Any word on what Sevilla, Mancebo, Landis, etc. are going to do? Seems like they're SOL at this point.


----------



## g-Bike (Jan 25, 2006)

The ride lasted a lot longer than I thought it would. Sometimes being humble gets more honey then being brash!


----------



## Fogdweller (Mar 26, 2004)

*I like the "official" UCI response*



3rensho said:


> Whether you like/believe/care about Floyd or not, Ball is a complete DB for throwing him under the bus like that. His comments were really bush league and prove that the sport is much better off without Rock Racing.
> 
> Any word on what Sevilla, Mancebo, Landis, etc. are going to do? Seems like they're SOL at this point.


 I like this quote:
"I don't know the details but I would say that's pure bullshit," McQuaid said. "I wasn't involved in the decision but that wouldn't be a reason.

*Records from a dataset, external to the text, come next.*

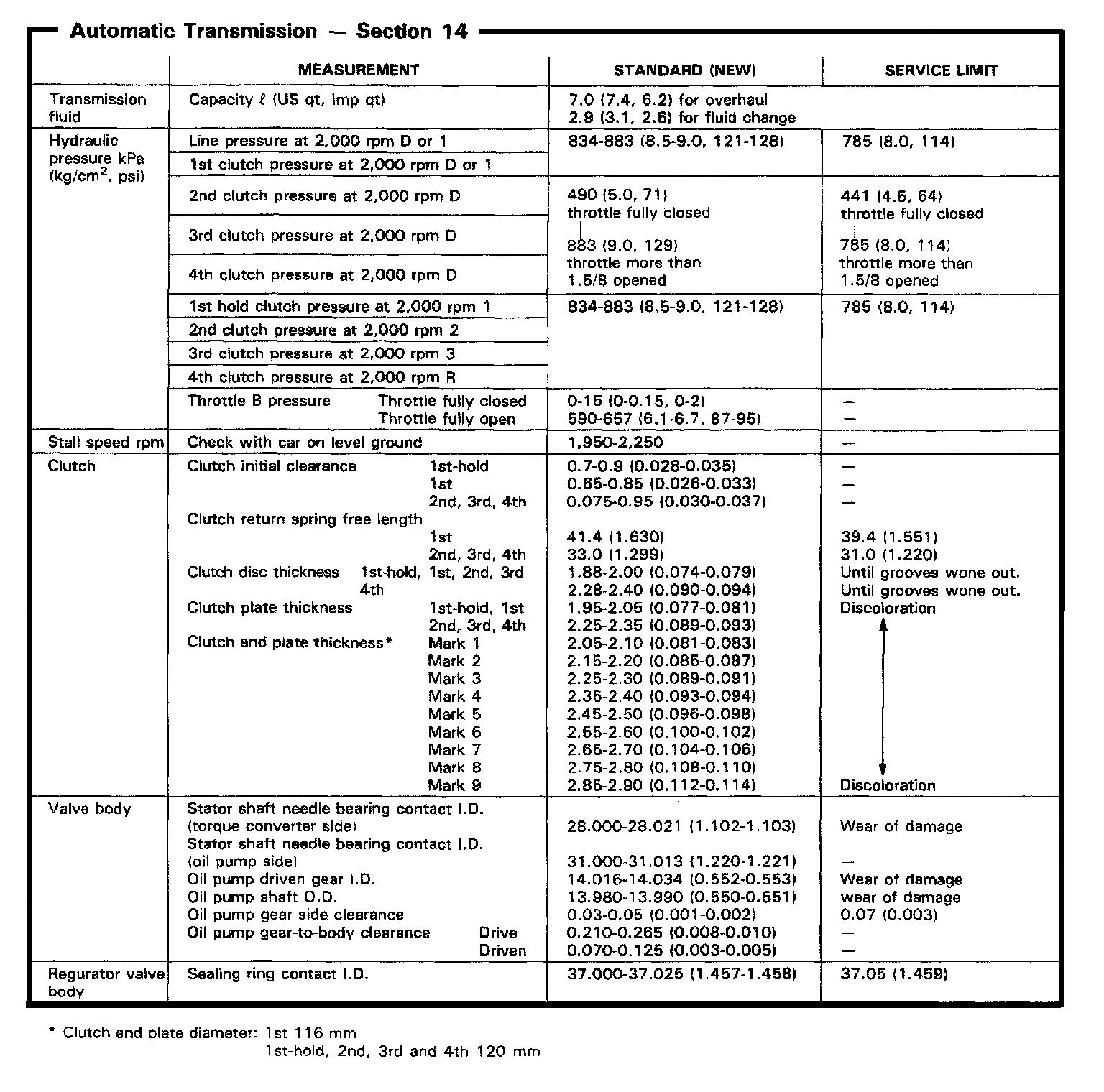 MR9A 4-spd A/T, Line Pressure, Stall Speed & Valve Body:
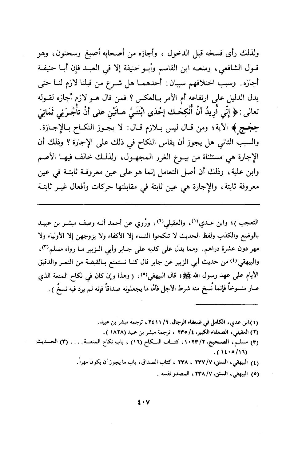 التعجب)؛ وابن عدي، والعقيلي، ورُوي عن أحمد أنه وصف مبشر بن عبيد بالوضع والكذب ولفظ الحديث لا تنكحوا النساء إلا الأكفاء ولا يزوجهن إلا الأولياء ولا مهر دون عشرة دراهم. ومما يدل على كذبه على جابر وأبي الزبير ما رواه مسلم، والبيهقي من حديث أبي الزبير عن جابر قال كنا نستمتع بالقبضة من التمر والدقيق الأيام على عهد رسول الله - صلى الله عليه وسلم -، قال البيهقي، (وهذا وإن كان في نكاح المتعة الذي صار منسوخًا فإنما نُسخ منه شرط الأجل فأمَّا ما يجعلونه صداقًا فإنه لم يرد فيه نسخٌ).
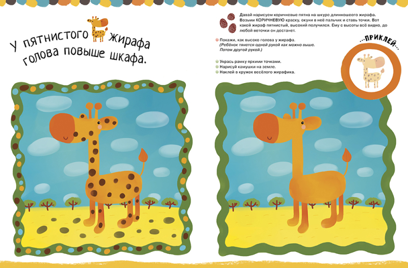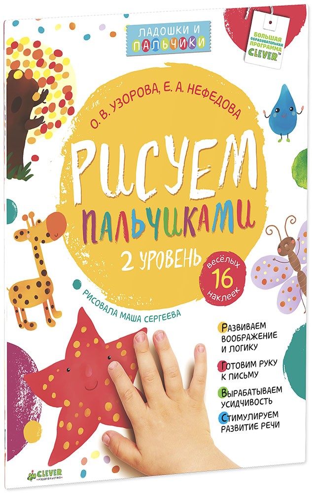 Рисуем пальчиками. Уровень 2 (+ наклейки)В данный момент этот товар отсутствует в продаже. Возможно, у нас найдется аналогичный или похожий товар здесь. Серия: Узорова - Нефедова. Рисуем ладошками и пальчиками Занятия по книге "Рисуем пальчиками. 2 уровень" - это маленький спектакль со стихами, разговорами о картинке, развивающей гимнастикой и идеями для творчества. Детям предлагается послушать двустишие, которое станет темой для дальнейшего занятия. Затем найти образец, на который нужно ориентироваться и эскиз будущего рисунка. Здесь же вместе с ребенком вы можете сделать развивающую гимнастику и найти массу идей для творчества. А после выполнения задания, малыш может наклеить наклейку и перейти к следующим страничкам книги. Для второго уровня разработаны чуть более сложные задания по сравнению с первым уровнем: более сложные рисунки, а в конце книжки малыш будет на одном занятии использовать целую радугу красок. |
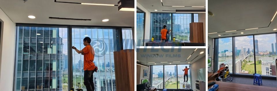 Thi công dán phim cách nhiệt cho văn phòng nhà máy nước nhà bè

That's all bullshit."


----------



## Creakyknees (Sep 21, 2003)

Fogdweller said:


> I like this quote:
> "I don't know the details but I would say that's pure bullshit," McQuaid said. "I wasn't involved in the decision but that wouldn't be a reason. That's all bullshit."



+1 .... I'm no fan of McQuaid or the UCI but I have to agree on that.


----------



## Coolhand (Jul 28, 2002)

Ball is a d-bag, pure and simple. Feel bad for the team support staff and mechs.


----------



## bigmig19 (Jun 27, 2008)

I think Rock was refreshing on a certain level. There a lot they could have done with the whole brashness/attitude thing. They did a few fun things, Its good to push the limit. But alas, I guess he went way beyond the limit. Did he really think he wasnt going to get on all the wrong peoples nerves with his hiring practices?


----------



## BikeFixer (May 19, 2009)

Coolhand said:


> Ball is a d-bag, pure and simple. Feel bad for the team support staff and mechs.



+1 :thumbsup:


----------



## PaleAleYum (Jan 12, 2006)

You guys got it all wrong on this one. Ball, mr. "frankly we crushed the competition", is ahead of the curve once again.

AMATEUR is the new PRO


----------



## bmxhacksaw (Mar 26, 2008)

I don't think he really threw Floyd "under the bus" per se. I think it is a legitimate concern given all the controversy surrounding FL these days.


----------



## 32and3cross (Feb 28, 2005)

bmxhacksaw said:


> I don't think he really threw Floyd "under the bus" per se. I think it is a legitimate concern given all the controversy surrounding FL these days.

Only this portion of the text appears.